## Activity
Beginning at the top of the data below, restate every line word for word until the line containing "trinket or jewelry" has been included, and omit the pictures.

## Information provided
+ + + + +

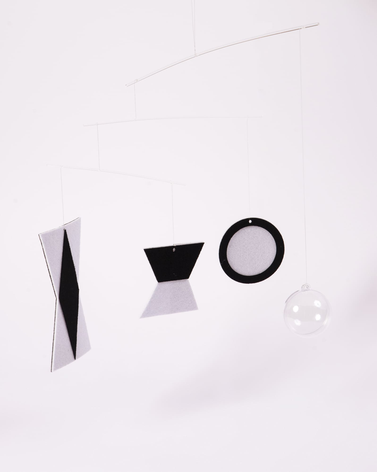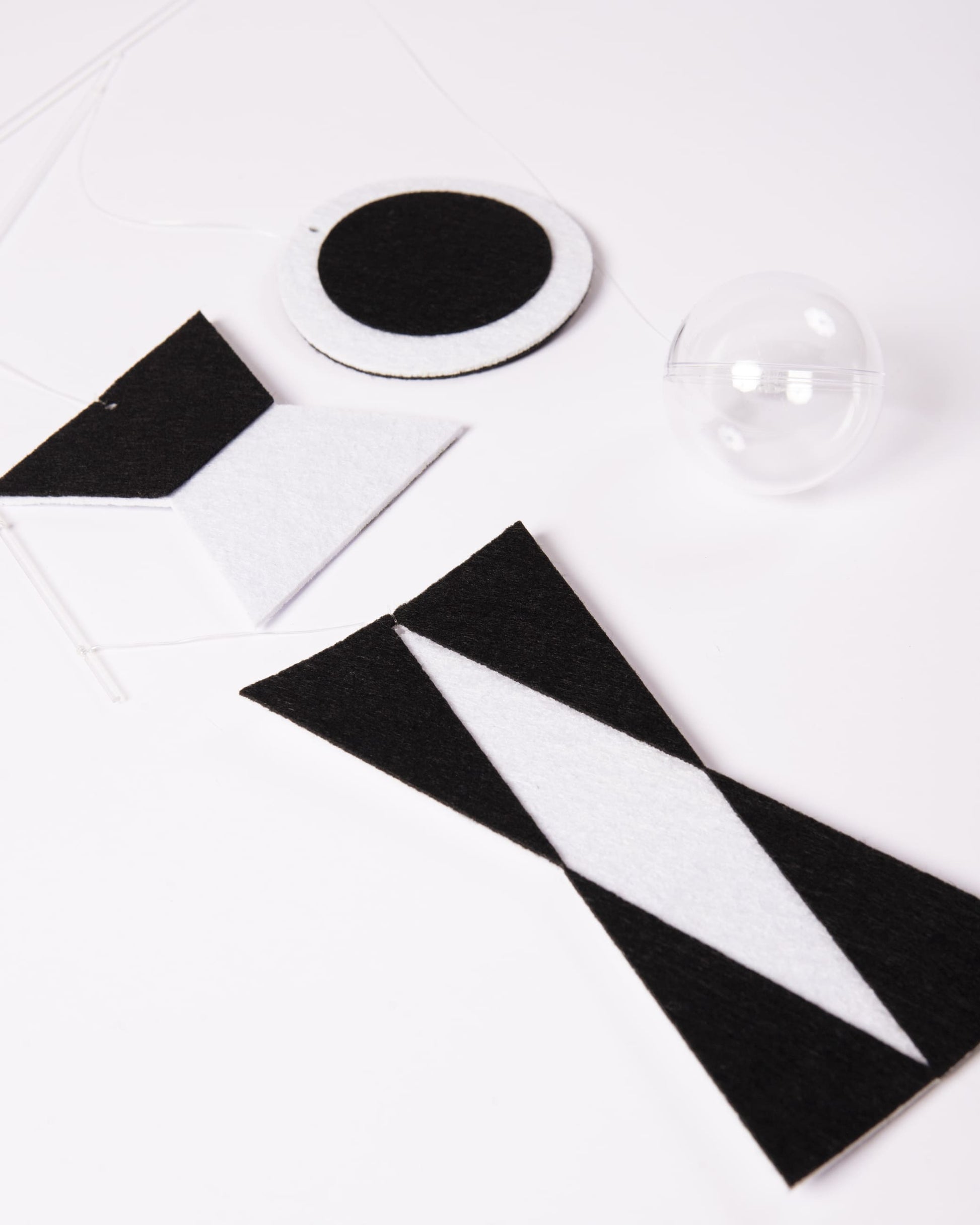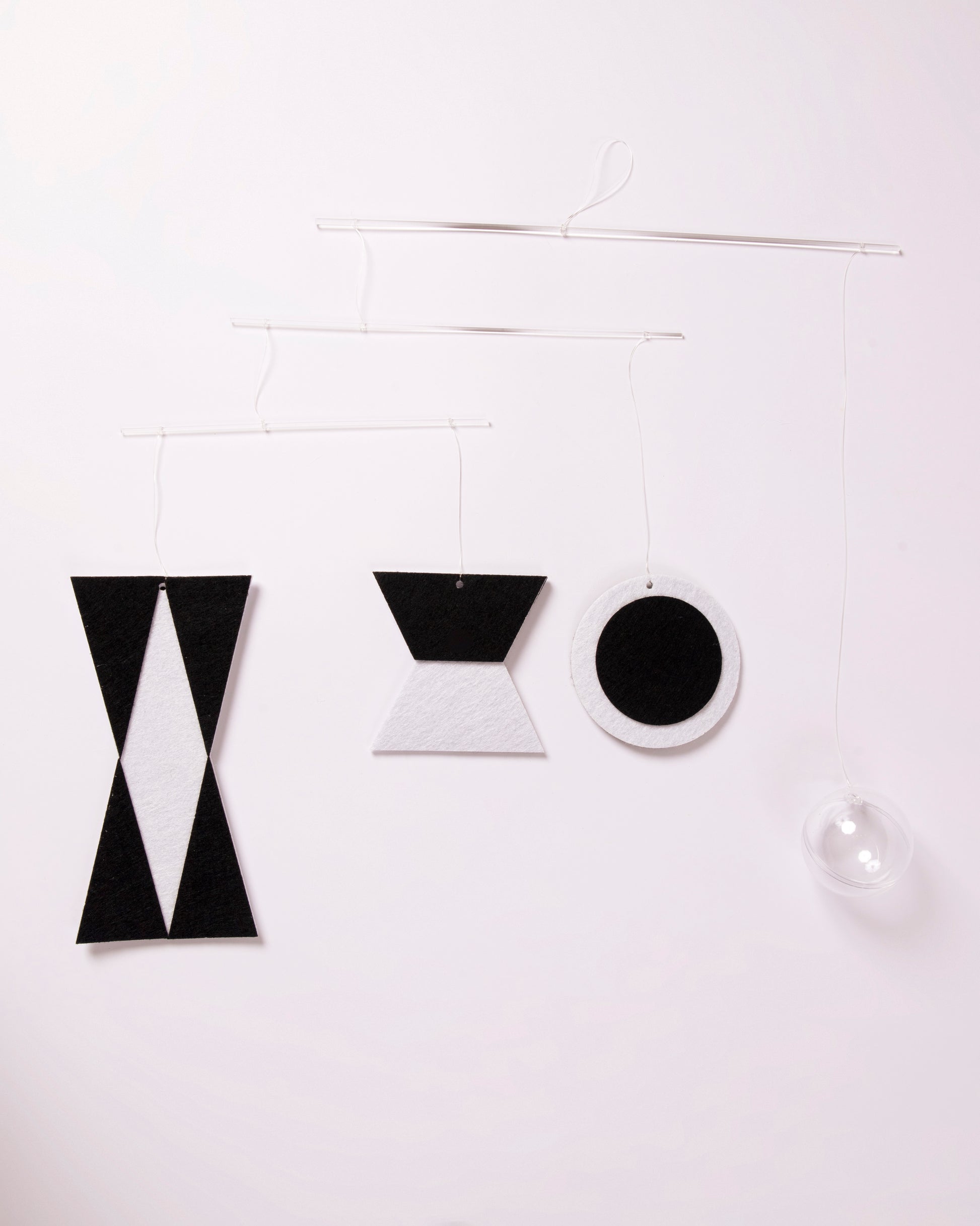 1 Móvil de tela terciopelo blanco y negro y acrílico.
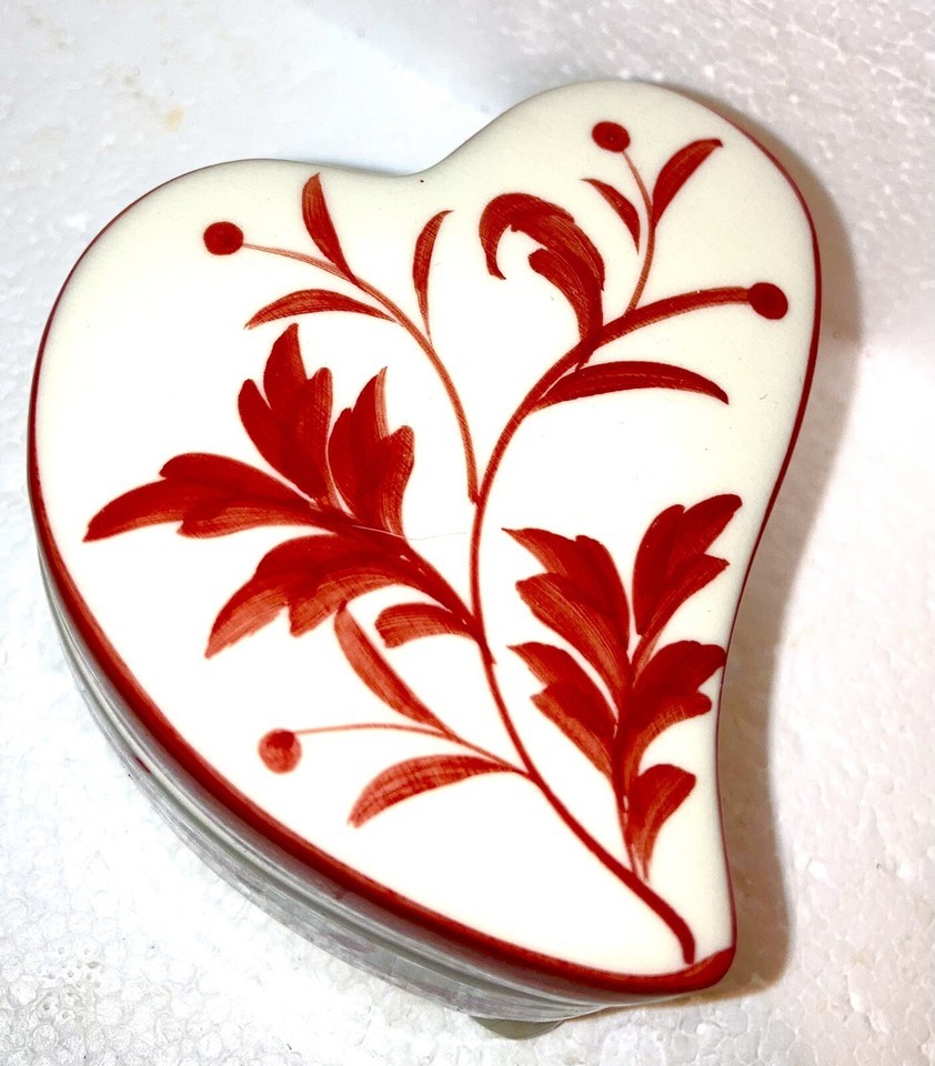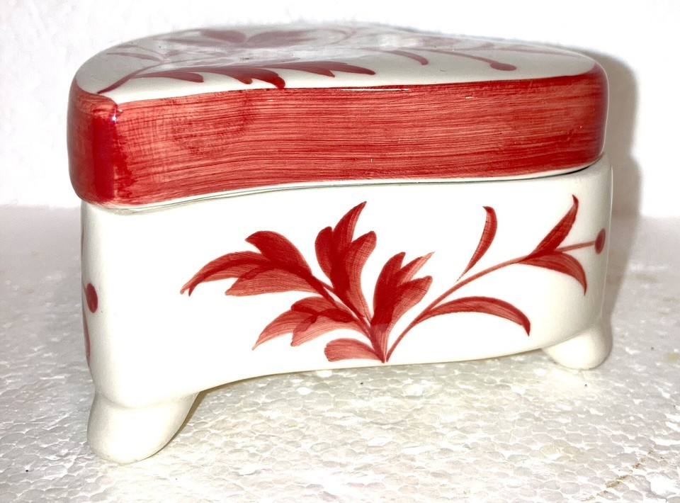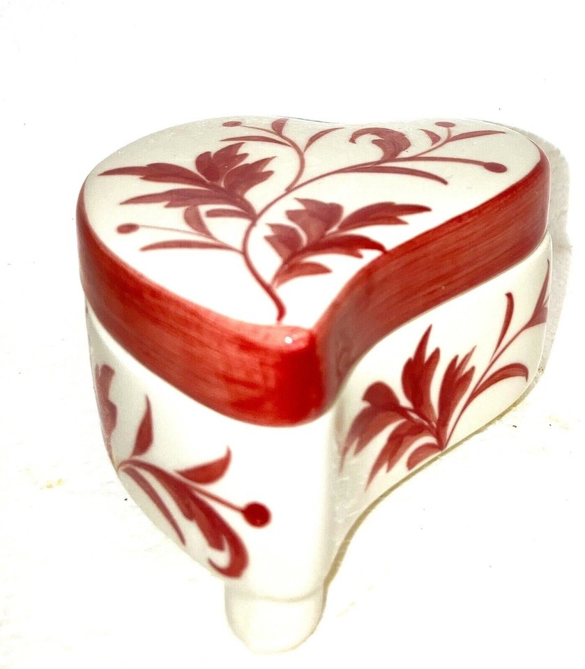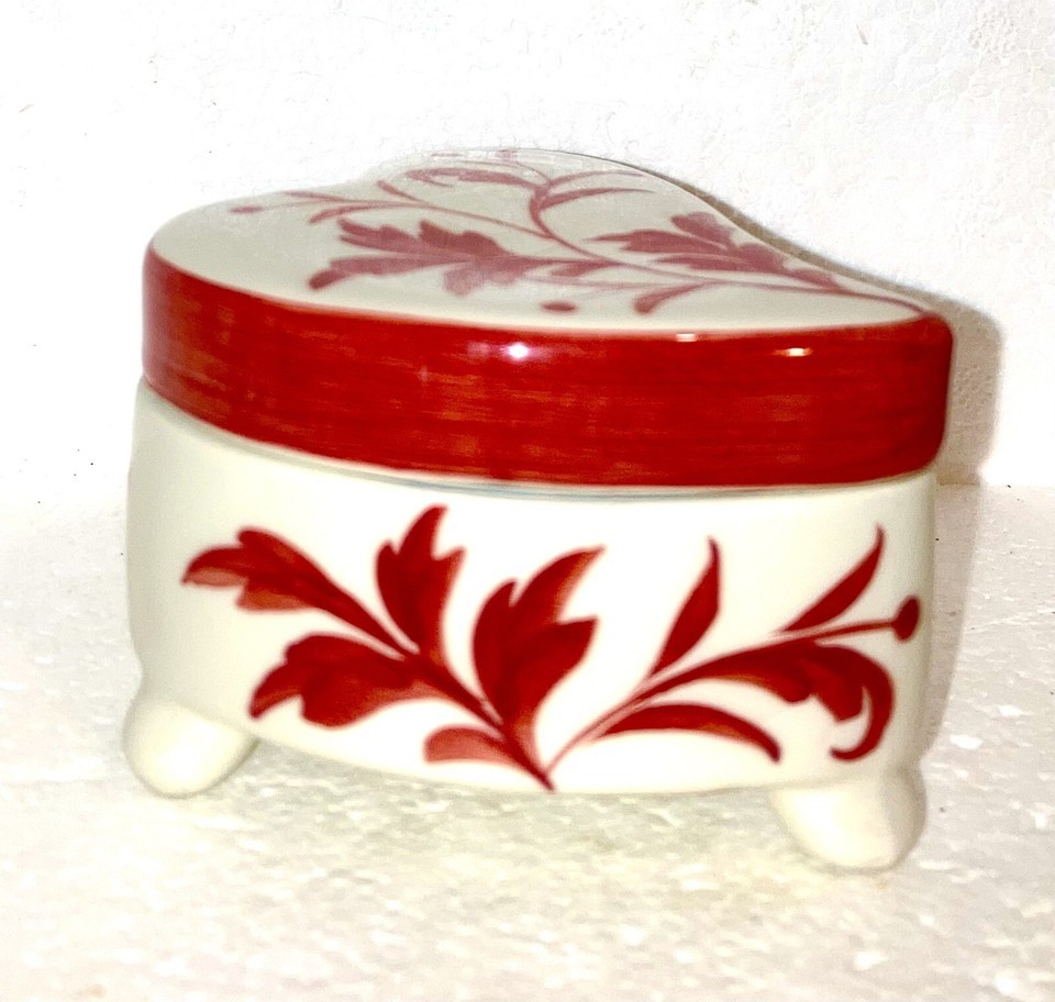 trinket or jewelry box Heart Shaped PORCELAIN Red White New
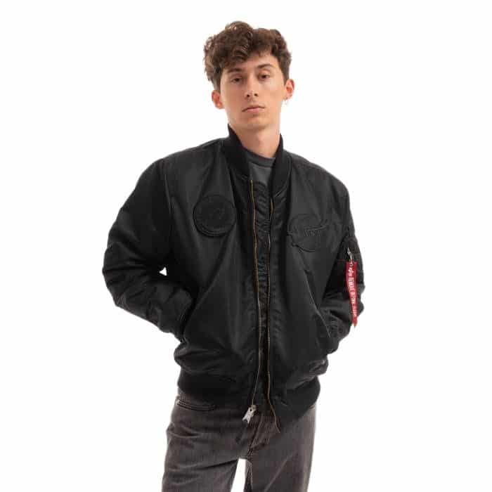 Kurtka Alpha Industries MA-1 VF NASA 166107-404 w kolorze czarnym to stylowa opcja, która łączy klasyczny design bomberki z nowoczesnymi materiałami. Wykonana z nylonu, jest odporna na wiatr, co sprawia, że dobrze chroni przed chłodem. Syntetyczne wypełnienie zapewnia dodatkowe ciepło, co jest istotne w chłodniejsze dni. Zamek błyskawiczny ułatwia szybkie zakładanie i zdejmowanie kurtki.
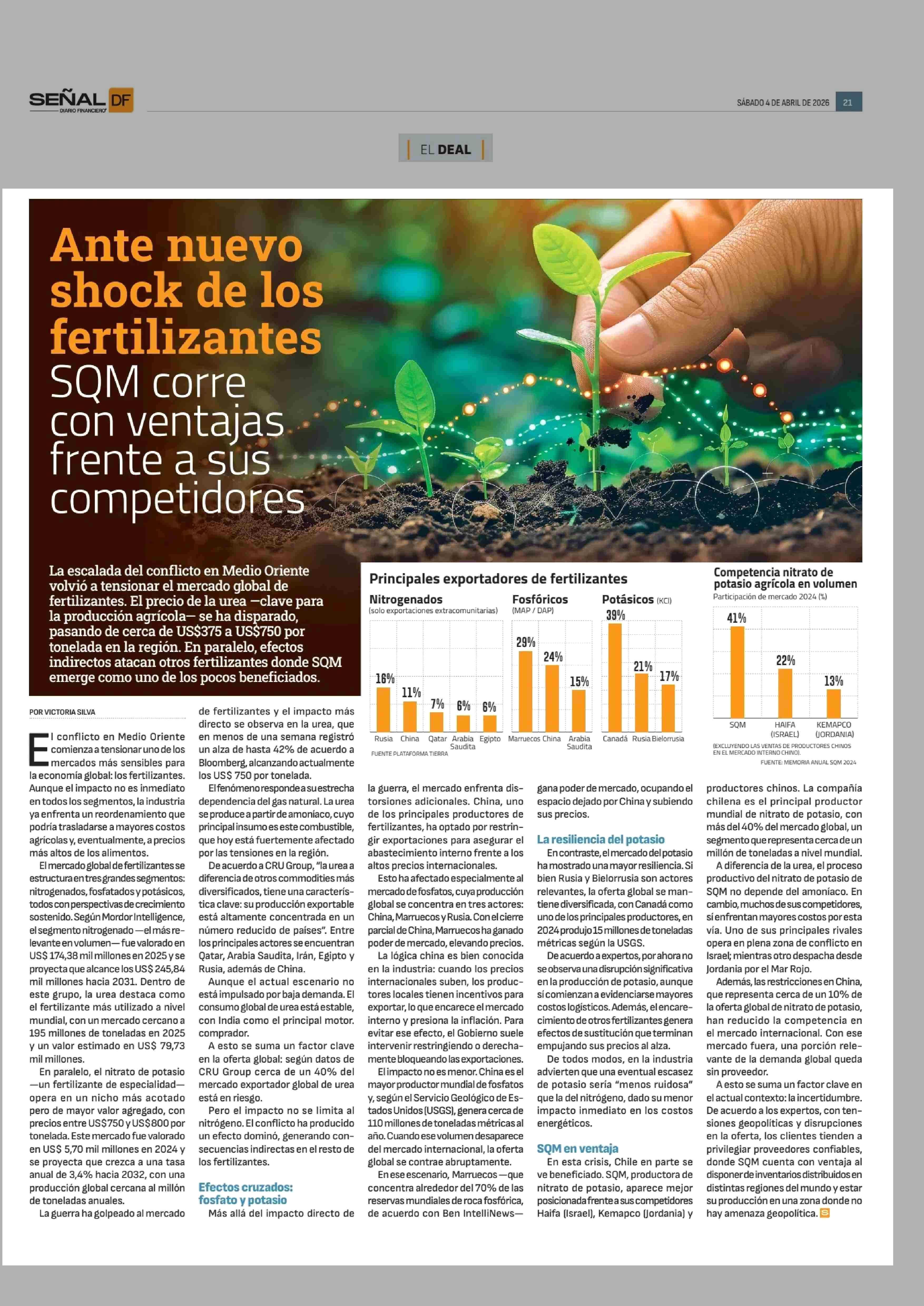 Título: Ante nuevo shock de los fertilizantes SQM corre con ventajas frente a sus competidores

+ + + + +

## Written answer
 1 Móvil de tela terciopelo blanco y negro y acrílico.
 trinket or jewelry box Heart Shaped PORCELAIN Red White New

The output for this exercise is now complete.